Dataset records:
+ + + + +

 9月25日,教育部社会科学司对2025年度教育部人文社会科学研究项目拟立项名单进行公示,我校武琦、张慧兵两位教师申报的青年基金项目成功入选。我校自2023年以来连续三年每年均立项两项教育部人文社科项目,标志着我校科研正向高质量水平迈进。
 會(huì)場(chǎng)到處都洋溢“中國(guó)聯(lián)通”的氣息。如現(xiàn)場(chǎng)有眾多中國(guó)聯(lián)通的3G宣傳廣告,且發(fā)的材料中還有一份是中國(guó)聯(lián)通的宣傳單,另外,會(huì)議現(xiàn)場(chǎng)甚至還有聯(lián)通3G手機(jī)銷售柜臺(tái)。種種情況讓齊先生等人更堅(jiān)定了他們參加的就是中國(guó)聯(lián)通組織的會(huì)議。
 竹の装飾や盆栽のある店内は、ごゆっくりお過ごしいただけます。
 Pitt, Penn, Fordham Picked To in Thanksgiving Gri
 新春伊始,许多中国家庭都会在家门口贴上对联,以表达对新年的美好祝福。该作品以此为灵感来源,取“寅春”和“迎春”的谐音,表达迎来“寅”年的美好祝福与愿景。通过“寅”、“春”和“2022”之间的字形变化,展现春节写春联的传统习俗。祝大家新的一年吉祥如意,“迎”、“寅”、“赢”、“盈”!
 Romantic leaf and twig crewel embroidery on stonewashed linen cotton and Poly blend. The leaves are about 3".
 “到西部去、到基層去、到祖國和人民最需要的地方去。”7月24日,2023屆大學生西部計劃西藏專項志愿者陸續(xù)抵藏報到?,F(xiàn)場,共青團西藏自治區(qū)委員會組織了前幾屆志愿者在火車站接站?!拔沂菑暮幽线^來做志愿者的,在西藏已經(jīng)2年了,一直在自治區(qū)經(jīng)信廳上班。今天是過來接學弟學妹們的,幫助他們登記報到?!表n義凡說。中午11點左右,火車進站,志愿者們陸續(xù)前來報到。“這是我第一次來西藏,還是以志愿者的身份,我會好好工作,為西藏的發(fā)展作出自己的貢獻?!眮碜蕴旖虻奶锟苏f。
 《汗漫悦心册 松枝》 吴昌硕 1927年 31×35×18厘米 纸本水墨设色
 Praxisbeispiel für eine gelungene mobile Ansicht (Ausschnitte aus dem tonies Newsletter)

+ + + + +

THE TASK
Copy out every record exactly.

RESPONSE TO THE TASK
 9月25日,教育部社会科学司对2025年度教育部人文社会科学研究项目拟立项名单进行公示,我校武琦、张慧兵两位教师申报的青年基金项目成功入选。我校自2023年以来连续三年每年均立项两项教育部人文社科项目,标志着我校科研正向高质量水平迈进。
 會(huì)場(chǎng)到處都洋溢“中國(guó)聯(lián)通”的氣息。如現(xiàn)場(chǎng)有眾多中國(guó)聯(lián)通的3G宣傳廣告,且發(fā)的材料中還有一份是中國(guó)聯(lián)通的宣傳單,另外,會(huì)議現(xiàn)場(chǎng)甚至還有聯(lián)通3G手機(jī)銷售柜臺(tái)。種種情況讓齊先生等人更堅(jiān)定了他們參加的就是中國(guó)聯(lián)通組織的會(huì)議。
 竹の装飾や盆栽のある店内は、ごゆっくりお過ごしいただけます。
 Pitt, Penn, Fordham Picked To in Thanksgiving Gri
 新春伊始,许多中国家庭都会在家门口贴上对联,以表达对新年的美好祝福。该作品以此为灵感来源,取“寅春”和“迎春”的谐音,表达迎来“寅”年的美好祝福与愿景。通过“寅”、“春”和“2022”之间的字形变化,展现春节写春联的传统习俗。祝大家新的一年吉祥如意,“迎”、“寅”、“赢”、“盈”!
 Romantic leaf and twig crewel embroidery on stonewashed linen cotton and Poly blend. The leaves are about 3".
 “到西部去、到基層去、到祖國和人民最需要的地方去。”7月24日,2023屆大學生西部計劃西藏專項志愿者陸續(xù)抵藏報到?,F(xiàn)場,共青團西藏自治區(qū)委員會組織了前幾屆志愿者在火車站接站?!拔沂菑暮幽线^來做志愿者的,在西藏已經(jīng)2年了,一直在自治區(qū)經(jīng)信廳上班。今天是過來接學弟學妹們的,幫助他們登記報到?!表n義凡說。中午11點左右,火車進站,志愿者們陸續(xù)前來報到。“這是我第一次來西藏,還是以志愿者的身份,我會好好工作,為西藏的發(fā)展作出自己的貢獻?!眮碜蕴旖虻奶锟苏f。
 《汗漫悦心册 松枝》 吴昌硕 1927年 31×35×18厘米 纸本水墨设色
 Praxisbeispiel für eine gelungene mobile Ansicht (Ausschnitte aus dem tonies Newsletter)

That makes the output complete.